営業秘密官民フォーラムメールマガジン掲載コラム 第35回|営業秘密の「使用」の意義及び立証

営業秘密官民フォーラムメールマガジン掲載コラム 第35回

営業秘密の「使用」の意義及び立証

弁護士知財ネット 中部地域会
弁護士 河合 哲志

PDF版ダウンロード:[営業秘密官民フォーラムメールマガジン掲載コラム] 第35回 営業秘密の「使用」の意義及び立証

 

第1 はじめに

営業秘密をめぐる訴訟において、原告が主張する情報の営業秘密性が認められた場合は、被告の行為が不正競争防止法所定の各要件に該当するか否かが問題となるが、そもそも営業秘密性が認められる事案が少ないこともあり、この点について検討される裁判例はあまり多くないように思われる。本稿においては、裁判例を通じて営業秘密の「使用」の意義とその立証について検討する。

第2 営業秘密の「使用」の意義

 不正競争防止法2条1項4号ないし10号にいう営業秘密の「使用」とは、営業秘密の本来の使用目的に沿って行われ、当該営業秘密に基づいて行われる行為として具体的に特定できる行為であるとされている[1]

営業秘密の「取得」や「開示」は、電子データの複製や送信など、外形上営業秘密そのものを対象としていることが比較的明らかな行為であるのに対し、「使用」は営業秘密を利用しているか否かが外見上必ずしも明らかではないことも多い。

 「使用」したか否かが問題となる情報は、前提として営業秘密としての「有用性」が認められた情報であるところ、上記「使用」の定義中の、「営業秘密の本来の使用目的に沿って行われ」ているか否かは、どのような点に「有用性」が認められるかということとリンクするものと考えられる。

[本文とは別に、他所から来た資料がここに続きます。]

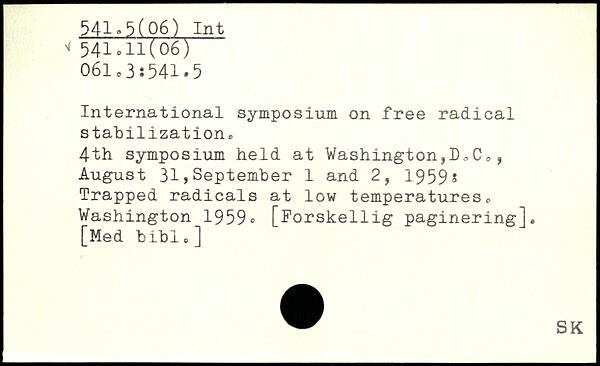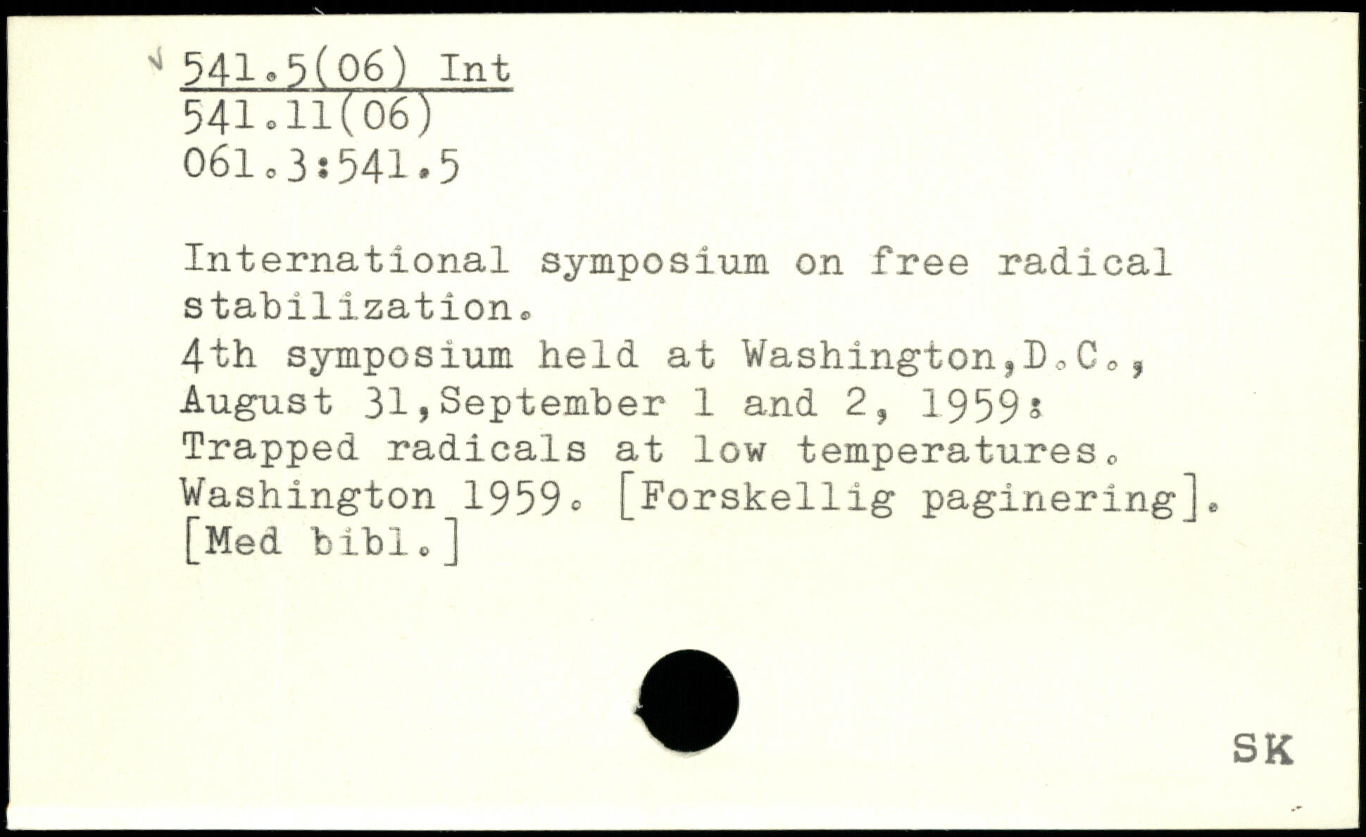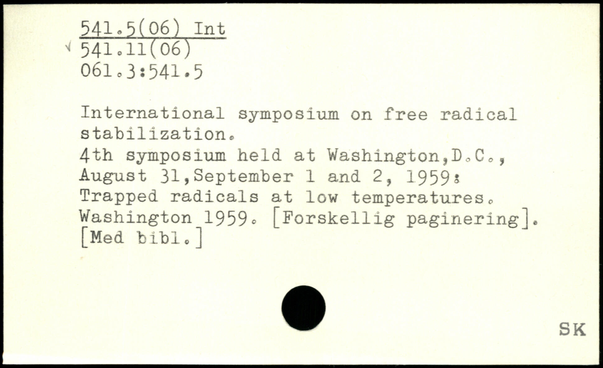 International symposium on free radical stabilization® 4th symposium held at Washington,!)® C<>, August 31,September 1 and 2, 1959s Trapped radicals at low temperatures®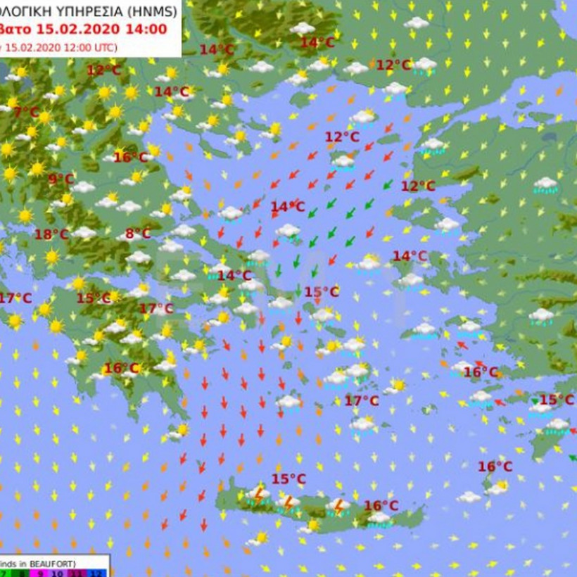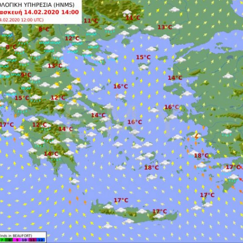 Θερμοκρασία: Από 9 έως 16 βαθμούς Κελσίου και στη βόρεια Κρήτη η μέγιστη θα είναι 2 με 3 βαθμούς υψηλότερη.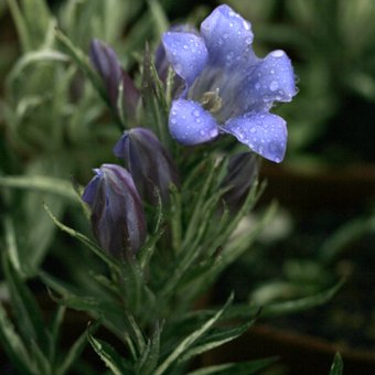 - 「笹竜胆(ささりんどう)」は葉の形が笹のようにとがるのが特徴の晩秋咲きのリンドウで、育てやすい山野草のひとつです。本種は黄斑の笹竜胆です。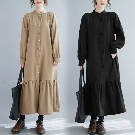長袖ロングワンピース レディース ワンピース カジュアル ロング丈 スタンドカラー ゆったり ルーズ 体型カバー おしゃれ デイリー 無地 長袖 ボタン 長袖ロングワンピース レディース ワンピース

裁判例上、秘密管理性及び非公知性が認められた情報については、反社会的な性質を持つ情報を除き、有用性が否定される例はあまり見られない。しかし、有用性を肯定するとしても、「使用」の有無を判断する前提として、当該営業秘密のどのような点に有用性が認められるのかは重要なポイントであるから、当事者としてはこの点に関する主張立証を十分に尽くす必要があるといえる。

 営業上の情報(顧客情報)について

⑴ 営業上の情報の不正使用行為としては、顧客名簿等に記載された顧客に対する勧誘等の営業行為が典型的なものである。

⑵ 顧客情報の有用性

一般的に、①特定の者が、特定の商品ないし役務の顧客であるという事実自体が、営業活動において有益な情報であることがあり[2]、また、当該顧客が締約に至る可能性の高い顧客であることの情報も営業先の選別において有用である。この場合、市販されている電話帳等で当該顧客の連絡先を知り得るからと言って、顧客名簿に登載された顧客情報の有用性(及び非公知性)が否定されるわけではない。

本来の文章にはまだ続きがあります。